Дальнейшие направления создания кода

Что делать дальше:

  • Вариант 3x в radix2.
    Сейчас 2x в radix2 ускоряет вычисления, поэтому можно сделать 3x (и далее).
    Сейчас 2x в radix4 замедляет вычисления, поэтому бесполезно делать 3x.
    Вряд ли это даст что‑то интересное, но для полноты картины можно сделать.

  • Варианты Stage, в которых коэффициенты вычисляются на ходу, а не читаются из памяти.
    Это должно ускорить вычисления в случаях, когда данные не помещаются в кэш.
    В radix4 можно рассмотреть ещё такой случай: читать из памяти только coefC и вычислять coefD/coefE из coefC.

  • Варианты Stage, на вход которым подаётся один постоянный коэффициент (или набор коэффициентов c/d/e для radix4).
    Можно заметить, что первый Stage использует один и тот же коэффициент для обработки всего входного массива. Второй Stage использует 2 разных коэффициента: один — для обработки первой половины массива, второй — для обработки второй половины. Третий Stage использует 4 разных коэффициента и так далее
    Можно разбить обработку входного массива на части, обрабатываемые одинаковым коэффициентом. Получили коэффициент (из памяти или вычислением на ходу) — обработали часть массива, получили следующий коэффициент — обработали следующую часть массива.
    Этот способ будет работать для начальных Stage, у которых такие части достаточно длинные. Для более поздних Stage надо использовать обычные методы получения коэффициентов (на каждом шаге читать из памяти или вычислять на ходу).
    Поиск границы между начальными и поздними Stage придётся делать экспериментально.
    Это отдельная задача.

  • Объединить Reverse и первый Stage.
    Сейчас есть объединение нескольких Stage в одном цикле (2x). Можно аналогично объединить Reverse и первый Stage (в общем случае — Reverse и несколько первых Stage).
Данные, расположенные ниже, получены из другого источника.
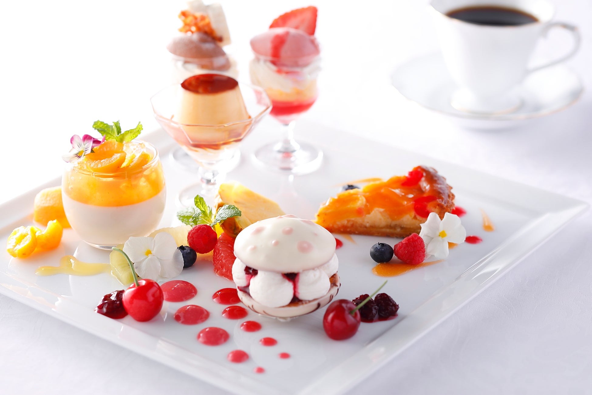 資生堂パーラー定番のストロベリーパフェ、チョコレートパフェ、カスタードプリンに、月替わりで季節のデザートをご堪能いただけるバリエーション豊かで贅沢なプレートです。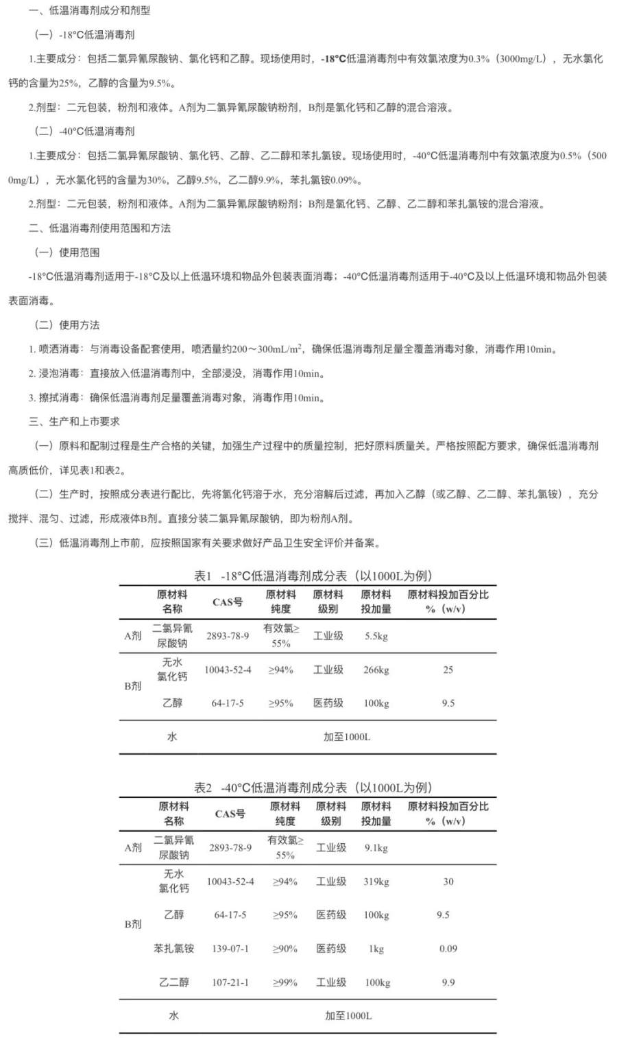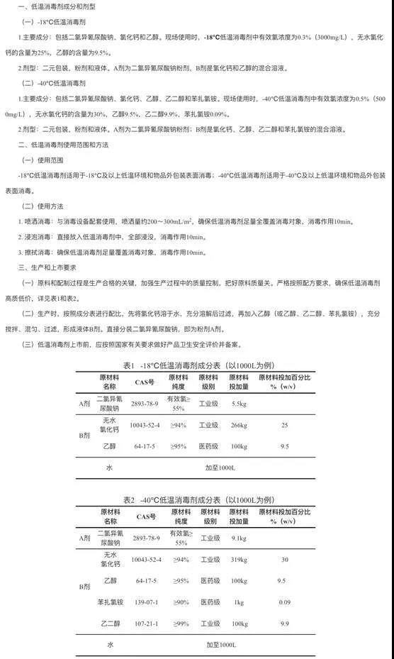 其中,“-18℃低温消毒剂”的主要成分是二氯异氰尿酸钠、氯化钙和乙醇。“-40℃低温消毒剂”的主要成分是二氯异氰尿酸钠、氯化钙、乙醇、乙二醇和苯扎氯铵。二者皆可通过喷洒消毒、浸泡消毒、擦拭消毒三种不同的方式起到消毒效果,消毒作用时间要求均为10分钟。

  • Входные данные типа double complex.
    Сейчас сделан float complex.
    Надо сделать версию для double complex.


Заключение

На примере stage_radix4_2x можно понять, что компилятор делает много работы по эффективной упаковке инструкций в такты. Вручную такая задача заняла бы много времени.
Я пишу код на Си так, чтобы его было удобно читать, а компилятор тасует операции так, чтобы, они эффективнее выполнялись. На ассемблере мне бы пришлось выбирать между понятным кодом и быстрым кодом.

На ассемблере приятно решать небольшие задачи, полностью осознавая, что где происходит. Однако, стоит немного увеличить сложность, и мозги начинают резко уставать.
Не уверен, смог бы я решить эту задачу на чистом ассемблере.